Этот новый ужас происходил от непременного убеждения, в нем неожиданно укрепившегося, в том, что он, Вельчанинов (и светский человек), сегодня же сам, своей волей, кончит все тем, что пойдет к Павлу Павловичу, – зачем? для чего? – ничего он этого не знал и с отвращением знать не хотел, а знал только то, что зачем-то потащится.
Сумасшествие это – иначе он и назвать не мог – развилось, однако же до того, что получило, насколько можно, разумный вид и довольно законный предлог: ему еще как бы грезилось, что Павел Павлович воротится в свой номер, запрется накрепко и – повесится, как тот казначей, про которого рассказывала Марья Сысоевна. Эта вчерашняя мечта перешла в нем мало-помалу в бессмысленное, но неотразимое убеждение. «Зачем этому дураку вешаться?» – перебивал он себя поминутно. Ему вспоминались давнишние слова Лизы… «А впрочем, я на его месте, может, и повесился бы…» – придумалось ему один раз.
Кончилось тем, что он, вместо того чтоб идти обедать, направился-таки к Павлу Павловичу. «Я только у Марьи Сысоевны спрошу», – решил он. Но, еще не успев выйти на улицу, он вдруг остановился под воротами.

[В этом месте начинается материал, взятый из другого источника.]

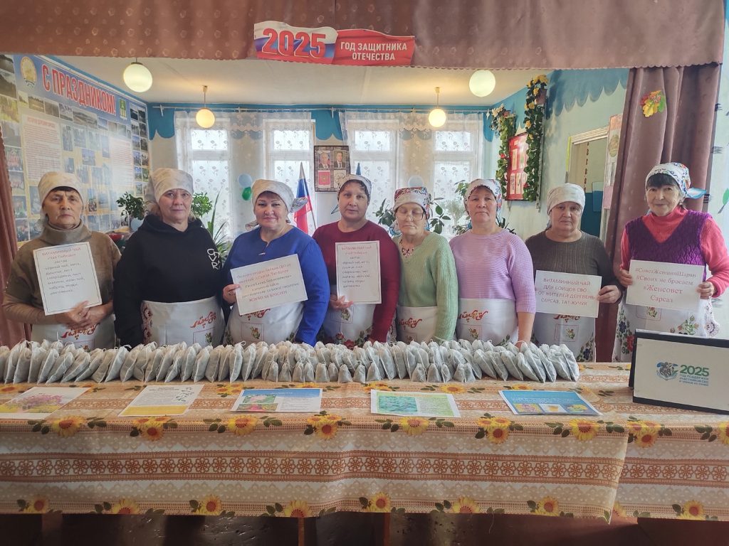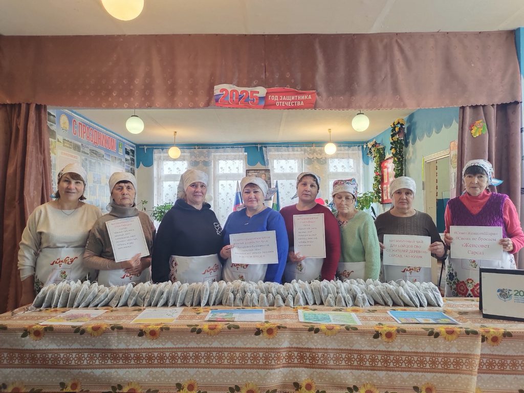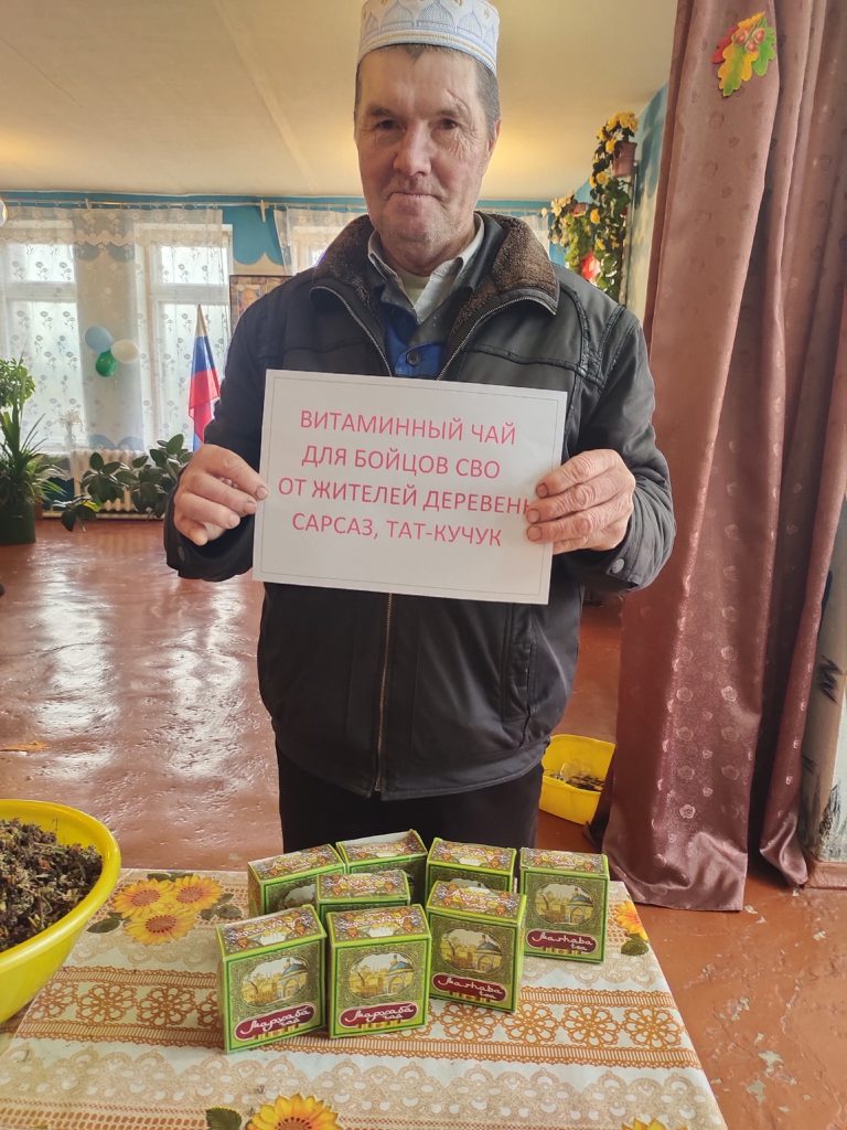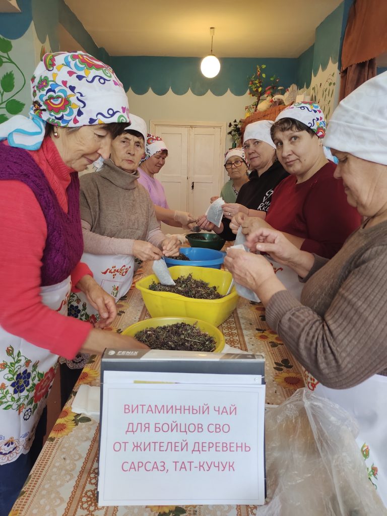 По всей стране проходят акции в поддержку мобилизованных и участников специальной военной операции на Украине. В это непростое для нашей Родины время граждане активно помогают военнослужащим и словом, и делом.Сегодня в Сарсазовском СДК неравнодушные жители деревень Сарсаз и Тат-Кучук приняли активное участие в акции «Витаминный чай для бойцов СВО» по фасовке и упаковке травяного чая для солдат. В состав напитка входят: душица, мята, зверобой, смородиновые листья, цветки липы, множество других целебных растений. В эту смесь добавляют щепотку черного чая, шиповник , боярышник и упаковывают в пакетики. Такие ароматные травяные сборы согревают в холодную погоду, укрепляют иммунитет, насыщают организм витаминами. Всего мы упаковали 100 больших пакетиков витаминного, ароматного чая.

– Неужели ж, неужели ж, – вскрикнул он, побагровев от стыда, – неужели ж я плетусь туда, чтоб «обняться и заплакать»? Неужели только этой бессмысленной мерзости недоставало ко всему сраму?
Но от «бессмысленной мерзости» спасло его провидение всех порядочных и приличных людей. Только что он вышел на улицу, с ним вдруг столкнулся Александр Лобов. Юноша был впопыхах и в волнении.
– А я к вам! Приятель-то ваш, Павел Павлович, каково?
– Повесился? – дико пробормотал Вельчанинов.
– Кто повесился? Зачем? – вытаращил глаза Лобов.
– Ничего… я так; продолжайте!
– Фу, черт, какой, однако же, у вас смешной оборот мыслей! Совсем-таки не повесился (почему повесился?). Напротив – уехал. Я только что сейчас его в вагон посадил и отправил. Фу, как он пьет, я вам скажу! Мы три бутылки выпили, Предпосылов тоже, – но как он пьет, как он пьет! Песни пел в вагоне, об вас вспоминал, ручкой делал, кланяться вам велел. А подлец он, как вы думаете, – а?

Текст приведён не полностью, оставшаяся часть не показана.